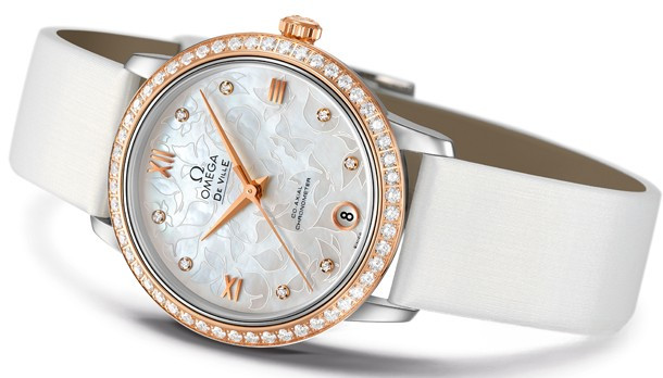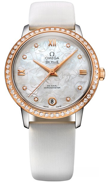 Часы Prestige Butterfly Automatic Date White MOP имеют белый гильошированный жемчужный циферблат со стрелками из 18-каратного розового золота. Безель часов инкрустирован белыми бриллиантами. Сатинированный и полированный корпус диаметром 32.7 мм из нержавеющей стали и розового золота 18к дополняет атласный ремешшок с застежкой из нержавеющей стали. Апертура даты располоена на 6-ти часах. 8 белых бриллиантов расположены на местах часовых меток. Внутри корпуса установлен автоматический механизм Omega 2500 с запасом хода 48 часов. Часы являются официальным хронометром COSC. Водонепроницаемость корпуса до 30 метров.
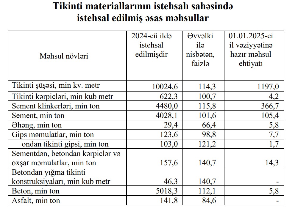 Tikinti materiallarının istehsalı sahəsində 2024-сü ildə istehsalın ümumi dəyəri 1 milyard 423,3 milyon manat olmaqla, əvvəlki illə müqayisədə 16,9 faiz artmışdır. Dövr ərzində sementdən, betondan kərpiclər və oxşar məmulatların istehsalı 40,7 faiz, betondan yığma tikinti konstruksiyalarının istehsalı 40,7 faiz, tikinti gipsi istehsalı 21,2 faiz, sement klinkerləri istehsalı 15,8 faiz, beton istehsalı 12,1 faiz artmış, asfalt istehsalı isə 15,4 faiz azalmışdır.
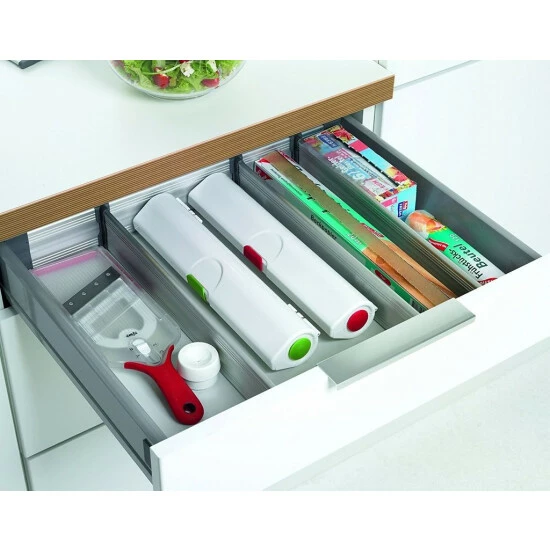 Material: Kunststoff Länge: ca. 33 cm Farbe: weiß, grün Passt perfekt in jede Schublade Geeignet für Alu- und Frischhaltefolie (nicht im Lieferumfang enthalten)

* * *

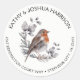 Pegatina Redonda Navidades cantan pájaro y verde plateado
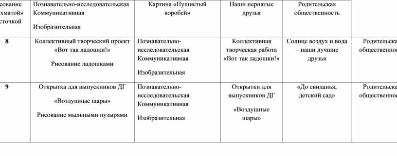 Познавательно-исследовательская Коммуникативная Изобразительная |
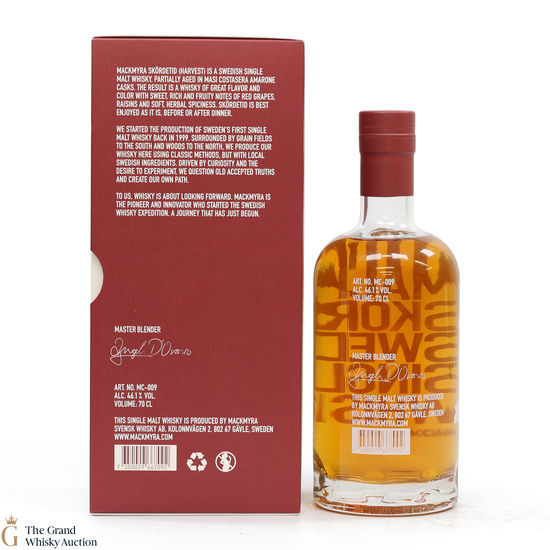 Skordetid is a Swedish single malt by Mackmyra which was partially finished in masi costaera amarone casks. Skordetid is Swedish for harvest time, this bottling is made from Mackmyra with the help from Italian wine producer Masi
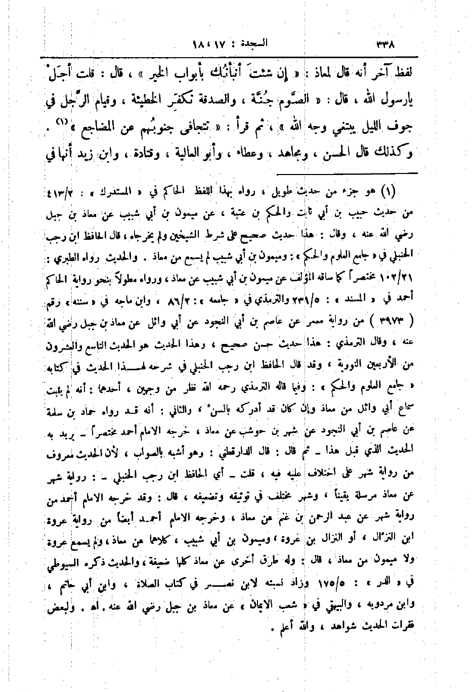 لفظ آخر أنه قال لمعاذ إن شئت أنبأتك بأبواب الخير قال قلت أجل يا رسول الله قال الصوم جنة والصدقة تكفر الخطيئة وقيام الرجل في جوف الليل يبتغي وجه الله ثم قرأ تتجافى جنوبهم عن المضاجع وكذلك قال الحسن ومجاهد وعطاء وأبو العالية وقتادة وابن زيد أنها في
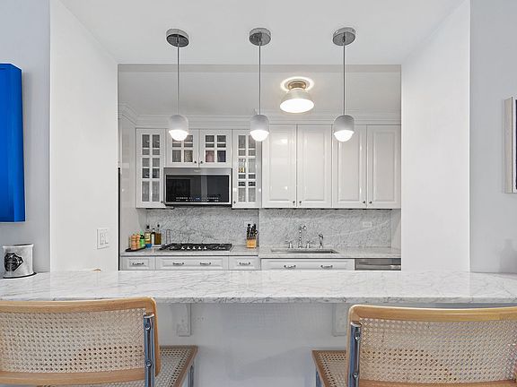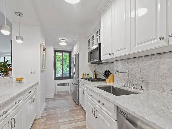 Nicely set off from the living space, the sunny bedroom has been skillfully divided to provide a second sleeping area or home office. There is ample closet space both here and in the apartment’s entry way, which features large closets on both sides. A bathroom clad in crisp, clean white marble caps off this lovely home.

**YOUR INSTRUCTIONS:** Set the pictures aside and transcribe exactly the stretch of lines above, beginning with the one holding "Tikinti materiallarının istehsalı" and ending with the one holding "Material: Kunststoff Länge: ca.".

**RESPONSE AREA:**
 Tikinti materiallarının istehsalı sahəsində 2024-сü ildə istehsalın ümumi dəyəri 1 milyard 423,3 milyon manat olmaqla, əvvəlki illə müqayisədə 16,9 faiz artmışdır. Dövr ərzində sementdən, betondan kərpiclər və oxşar məmulatların istehsalı 40,7 faiz, betondan yığma tikinti konstruksiyalarının istehsalı 40,7 faiz, tikinti gipsi istehsalı 21,2 faiz, sement klinkerləri istehsalı 15,8 faiz, beton istehsalı 12,1 faiz artmış, asfalt istehsalı isə 15,4 faiz azalmışdır.
 Material: Kunststoff Länge: ca. 33 cm Farbe: weiß, grün Passt perfekt in jede Schublade Geeignet für Alu- und Frischhaltefolie (nicht im Lieferumfang enthalten)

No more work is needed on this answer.